Falling Into Each Other’s Arms, a Step at a Time

Melissa Fernandez and Lyvan Verdecia met through social media in the spring of 2015. She was living in Harlem and had been performing for three years with Ballet Hispánico, a contemporary dance company in Manhattan. He was in Miami working as a day laborer, hopping on trucks bound for South Florida fields in need of harvesting. He also worked as a roofer and at an industrial laundromat in Miami.

“I didn’t have anything, anything, anything,” said Mr. Verdecia, 25, a dancer who had left his home in Cuba in search of a new life.

Ms. Fernandez’s family, also from Cuba, had a lot more, but never forgot their own beginnings. “My parents reminded us every day of the struggles and hardships they went through in Cuba,” said Ms. Fernandez, 30, who was born in New Jersey and raised in Miami.

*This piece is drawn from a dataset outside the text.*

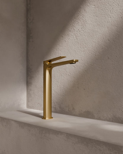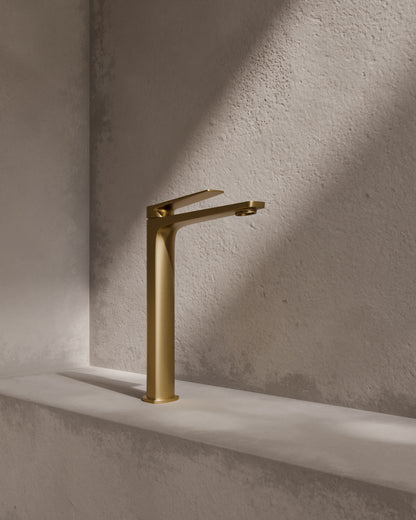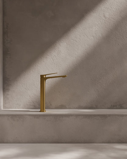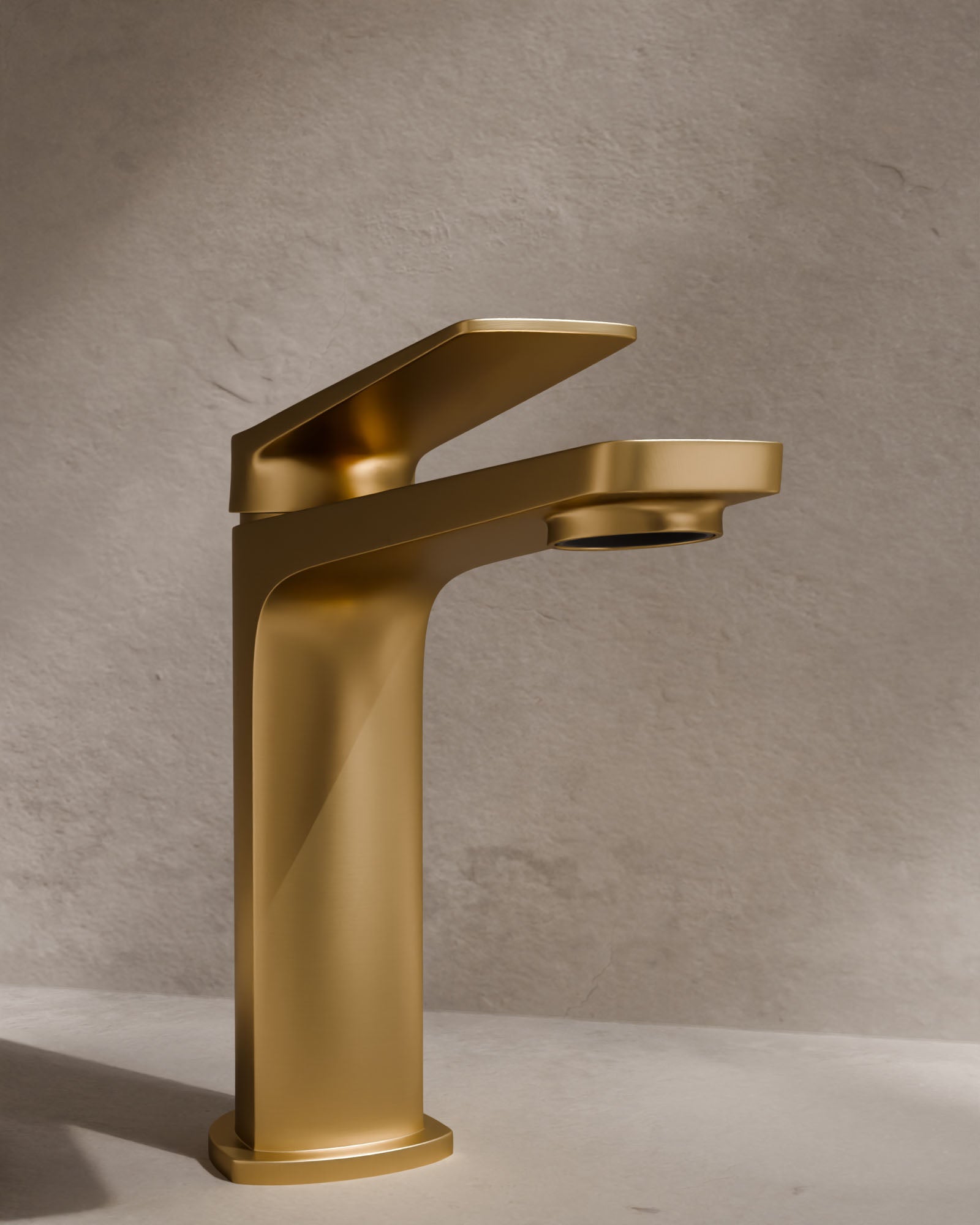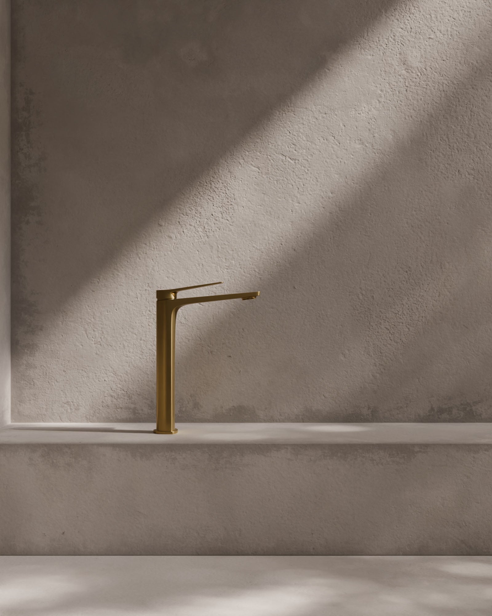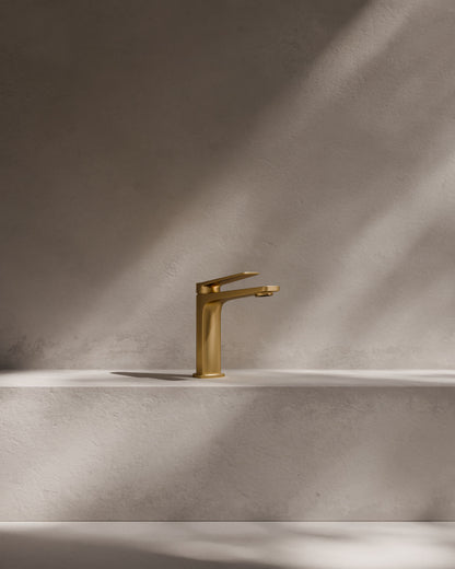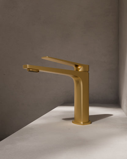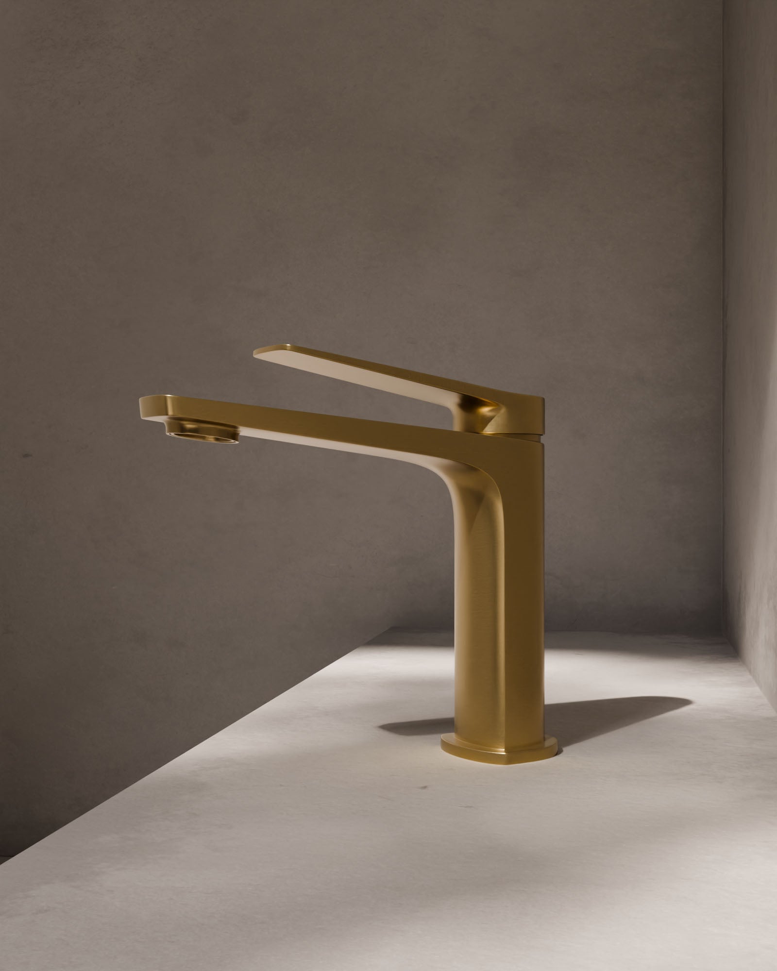 Einhebel-Waschtischarmatur im mediterranen Design mit runder Form und geradem Auslauf. Minimalistisch und vielseitig.
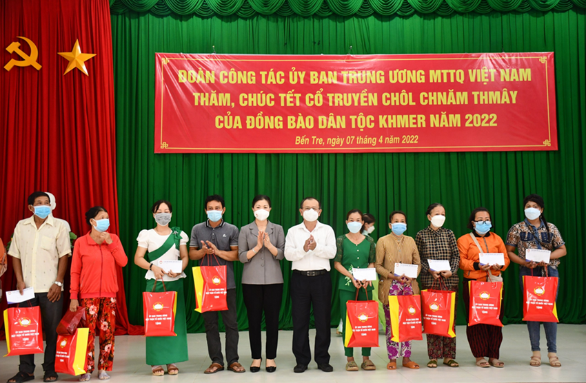 Sáng ngày 07 tháng 4 năm 2022, Đoàn công tác Trung ương do bà Trương Thị Ngọc Ánh, Phó Chủ tịch Ủy ban Trung ương Mặt trận Tổ quốc Việt Nam làm trưởng đoàn đã có buổi thăm, chúc tết và tặng quà đồng bào dân tộc Khmer tại huyện Giồng Trôm nhân dịp Tết cổ truyền Chôl Chnăm Thmây năm 2022. Tham gia đoàn công tác còn có các ông, bà Ban dân tộc Ủy ban Trung ương Mặt trận Tổ quốc Việt Nam, Ban Công tác phía Nam.

Her parents, Terri Fernandez, an account supervisor at an insurance company, and Omar Fernandez, who works in sales at a funeral home, told her stories about the circumstances — little food, no access to medicine — that had brought them to the United States from Bayamo, Cuba, in the 1960s. Their past struggles fueled their commitment to help their daughter dance professionally and knowing of their background taught Ms. Fernandez compassion for others.

After enrolling her in ballet classes at the age of 5, they saw her through a dance program at Juilliard that opened doors to New York dance auditions upon her 2012 graduation.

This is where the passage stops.